> [DATASET SECTION]
-- Opening Marker --
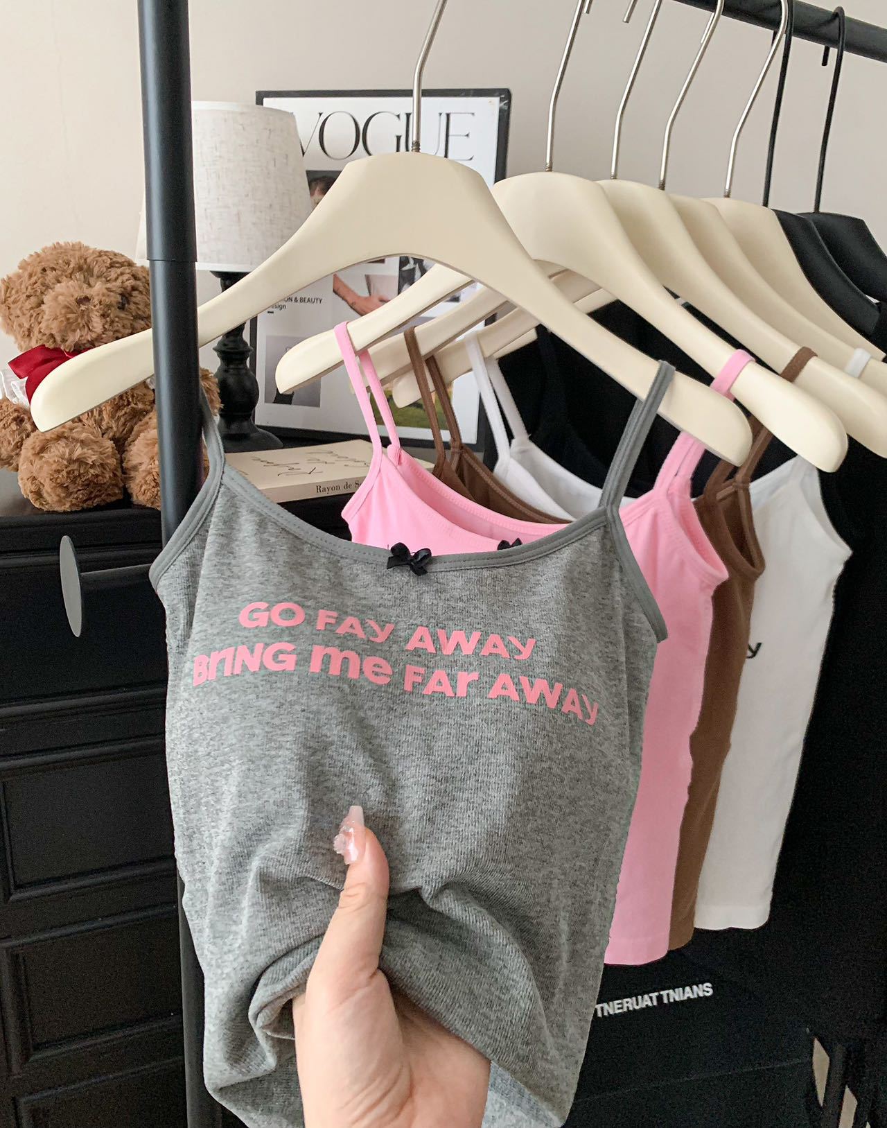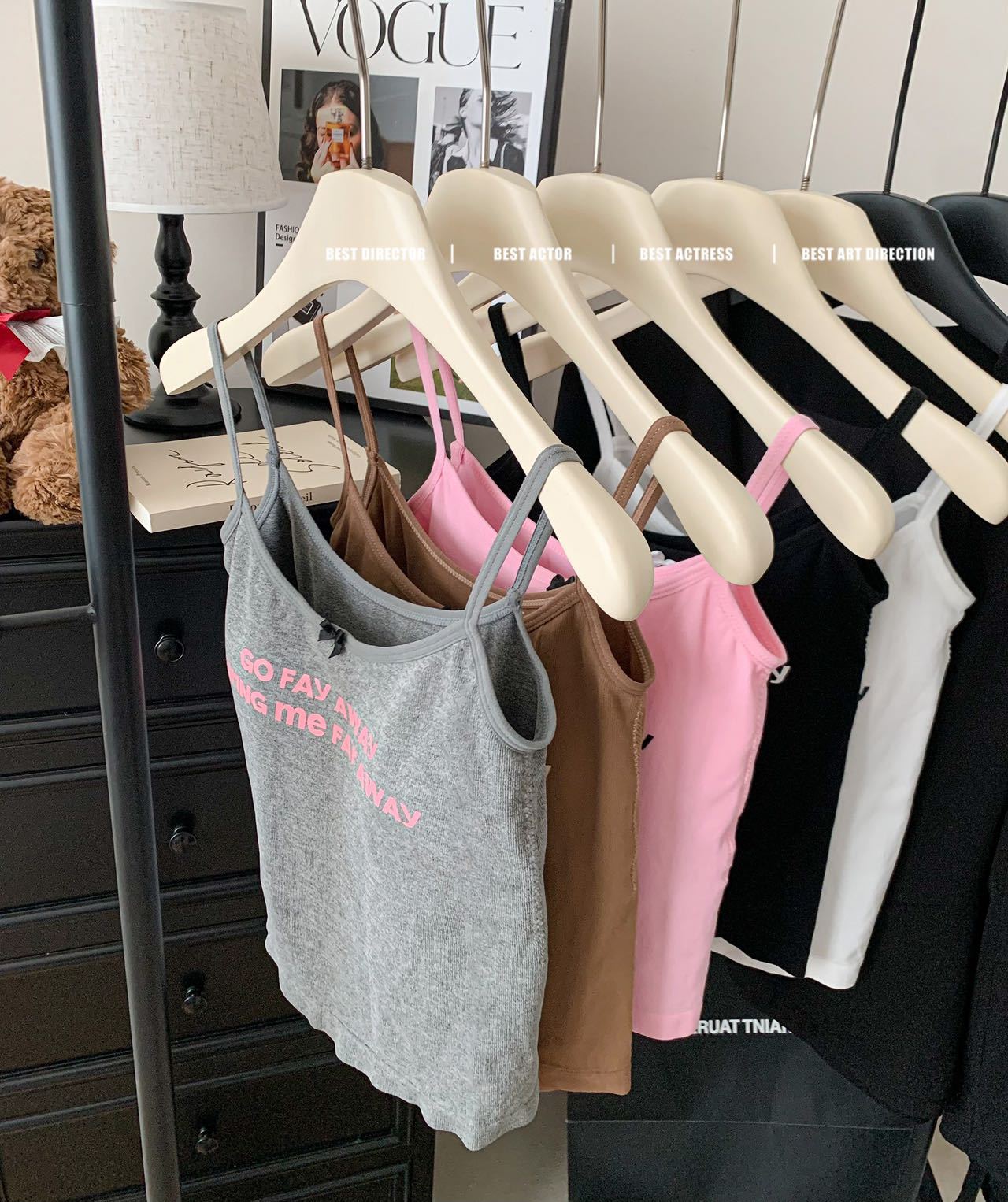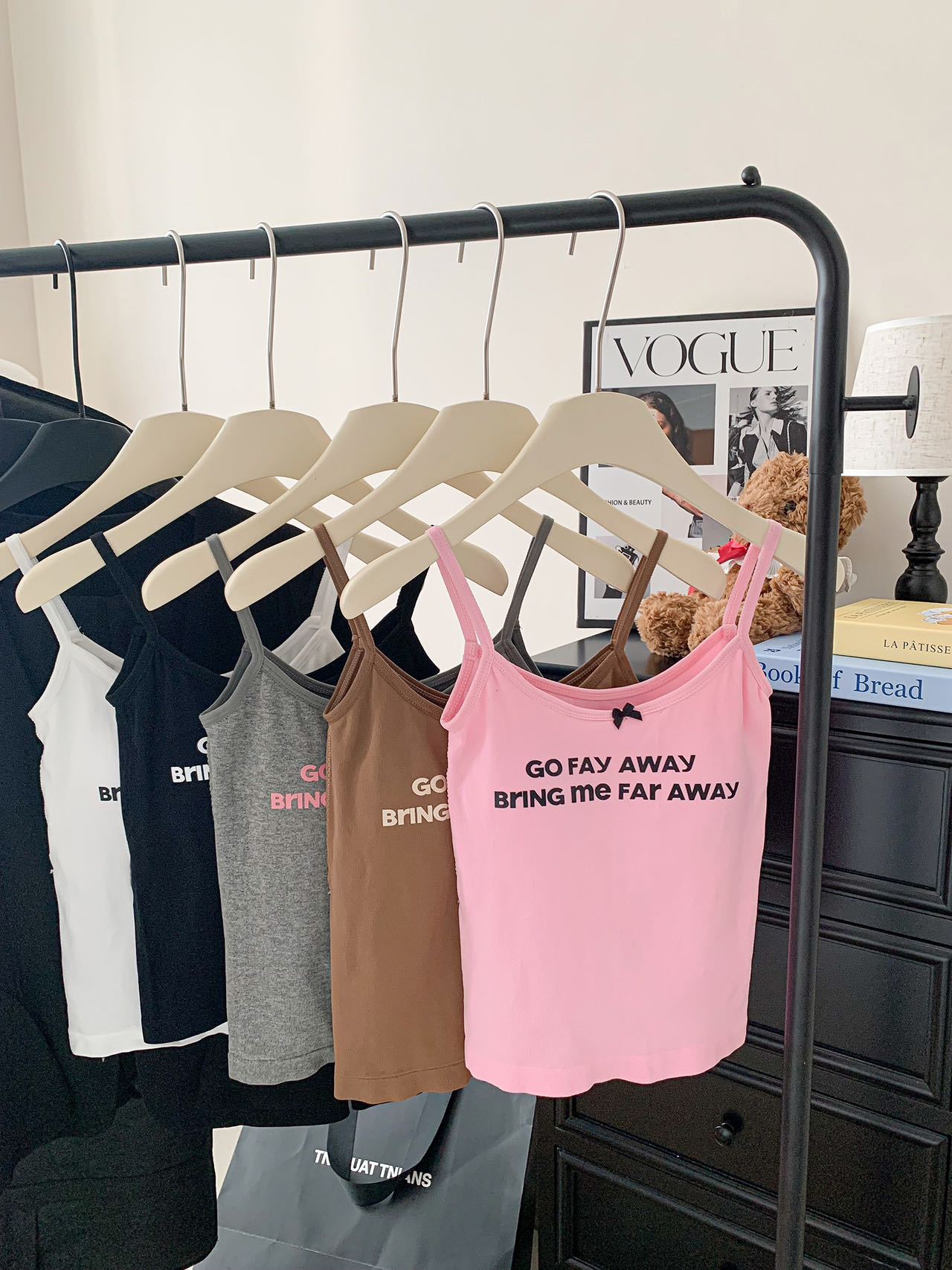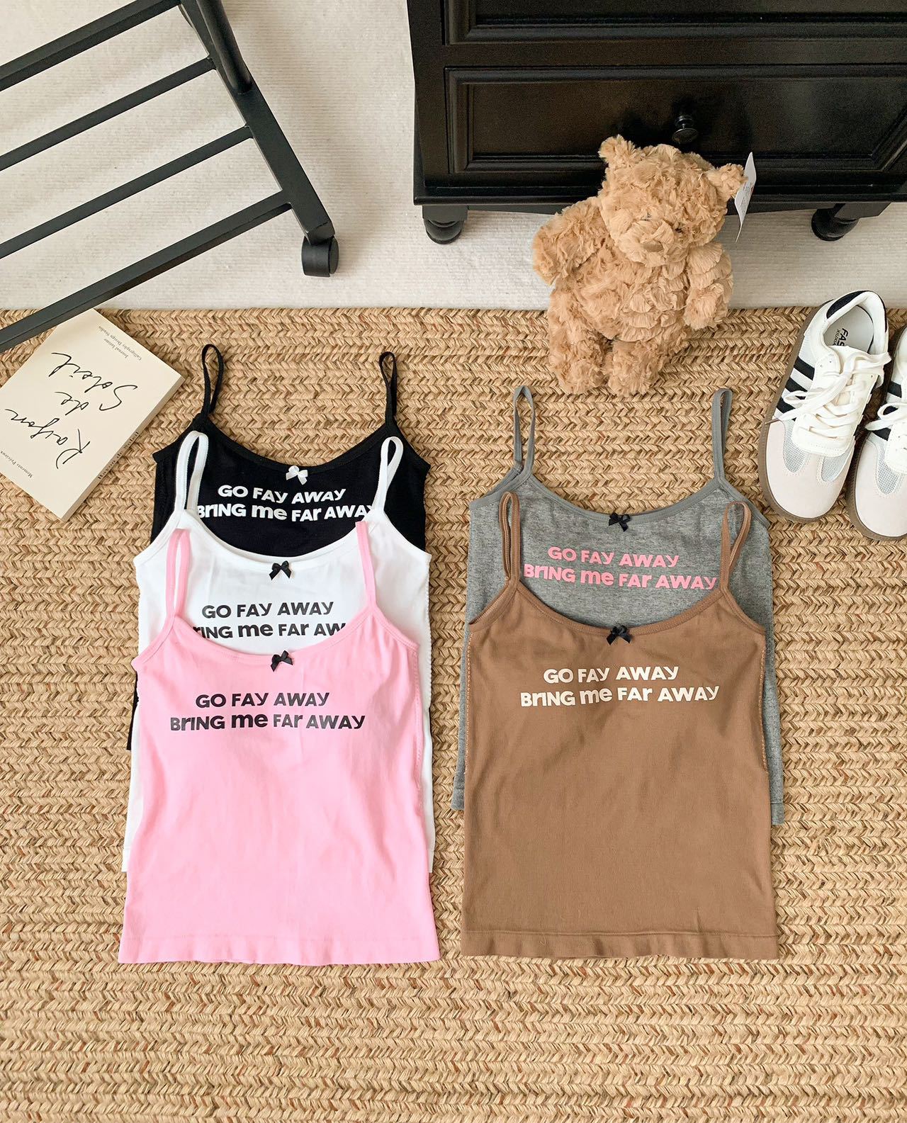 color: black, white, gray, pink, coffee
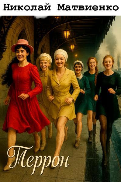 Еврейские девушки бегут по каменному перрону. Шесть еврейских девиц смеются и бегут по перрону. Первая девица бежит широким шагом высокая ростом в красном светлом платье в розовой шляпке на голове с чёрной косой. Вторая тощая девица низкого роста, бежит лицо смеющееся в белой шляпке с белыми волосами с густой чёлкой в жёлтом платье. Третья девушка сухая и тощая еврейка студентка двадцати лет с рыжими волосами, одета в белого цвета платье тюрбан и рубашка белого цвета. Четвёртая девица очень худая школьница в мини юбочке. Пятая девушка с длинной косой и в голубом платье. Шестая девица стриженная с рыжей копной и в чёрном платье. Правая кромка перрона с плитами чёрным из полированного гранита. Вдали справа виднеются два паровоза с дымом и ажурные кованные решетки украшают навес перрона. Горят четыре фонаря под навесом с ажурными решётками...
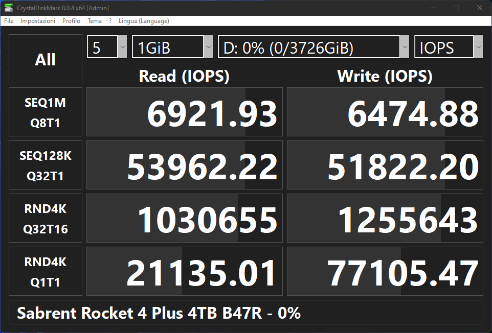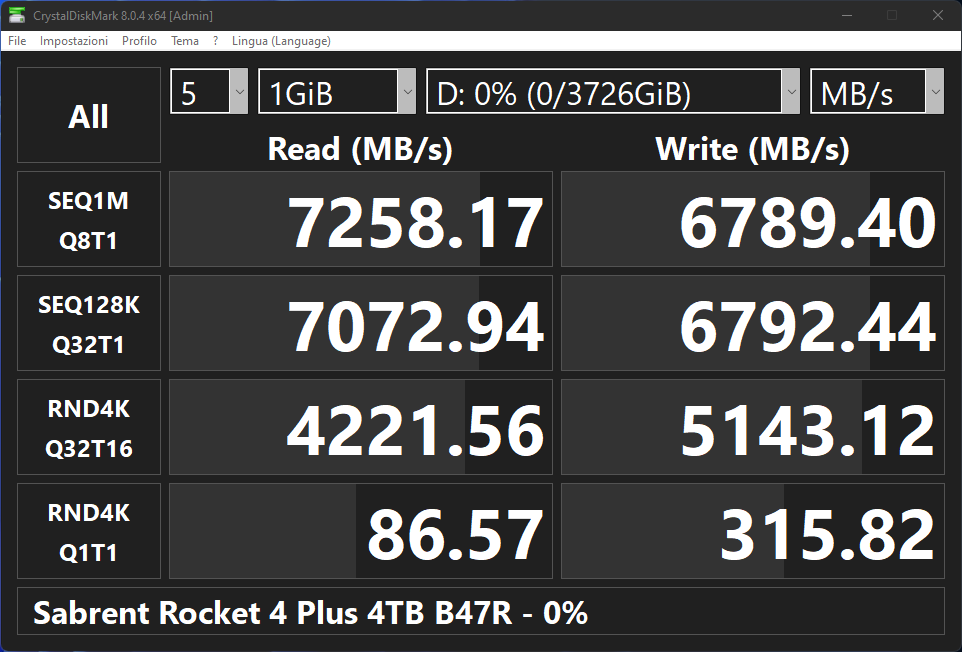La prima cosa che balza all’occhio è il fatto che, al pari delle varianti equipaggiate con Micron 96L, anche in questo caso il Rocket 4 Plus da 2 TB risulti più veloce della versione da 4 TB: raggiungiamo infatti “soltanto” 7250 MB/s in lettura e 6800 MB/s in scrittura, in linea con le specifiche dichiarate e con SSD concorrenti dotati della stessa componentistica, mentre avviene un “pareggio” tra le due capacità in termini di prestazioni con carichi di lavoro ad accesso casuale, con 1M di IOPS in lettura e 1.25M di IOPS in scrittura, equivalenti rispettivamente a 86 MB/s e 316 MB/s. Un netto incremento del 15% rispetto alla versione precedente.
-- Closing Marker --
From the line that contains "Еврейские девушки бегут" to the final line of the material, write out each line exactly. Pictures stay out.

 Еврейские девушки бегут по каменному перрону. Шесть еврейских девиц смеются и бегут по перрону. Первая девица бежит широким шагом высокая ростом в красном светлом платье в розовой шляпке на голове с чёрной косой. Вторая тощая девица низкого роста, бежит лицо смеющееся в белой шляпке с белыми волосами с густой чёлкой в жёлтом платье. Третья девушка сухая и тощая еврейка студентка двадцати лет с рыжими волосами, одета в белого цвета платье тюрбан и рубашка белого цвета. Четвёртая девица очень худая школьница в мини юбочке. Пятая девушка с длинной косой и в голубом платье. Шестая девица стриженная с рыжей копной и в чёрном платье. Правая кромка перрона с плитами чёрным из полированного гранита. Вдали справа виднеются два паровоза с дымом и ажурные кованные решетки украшают навес перрона. Горят четыре фонаря под навесом с ажурными решётками...
La prima cosa che balza all’occhio è il fatto che, al pari delle varianti equipaggiate con Micron 96L, anche in questo caso il Rocket 4 Plus da 2 TB risulti più veloce della versione da 4 TB: raggiungiamo infatti “soltanto” 7250 MB/s in lettura e 6800 MB/s in scrittura, in linea con le specifiche dichiarate e con SSD concorrenti dotati della stessa componentistica, mentre avviene un “pareggio” tra le due capacità in termini di prestazioni con carichi di lavoro ad accesso casuale, con 1M di IOPS in lettura e 1.25M di IOPS in scrittura, equivalenti rispettivamente a 86 MB/s e 316 MB/s. Un netto incremento del 15% rispetto alla versione precedente.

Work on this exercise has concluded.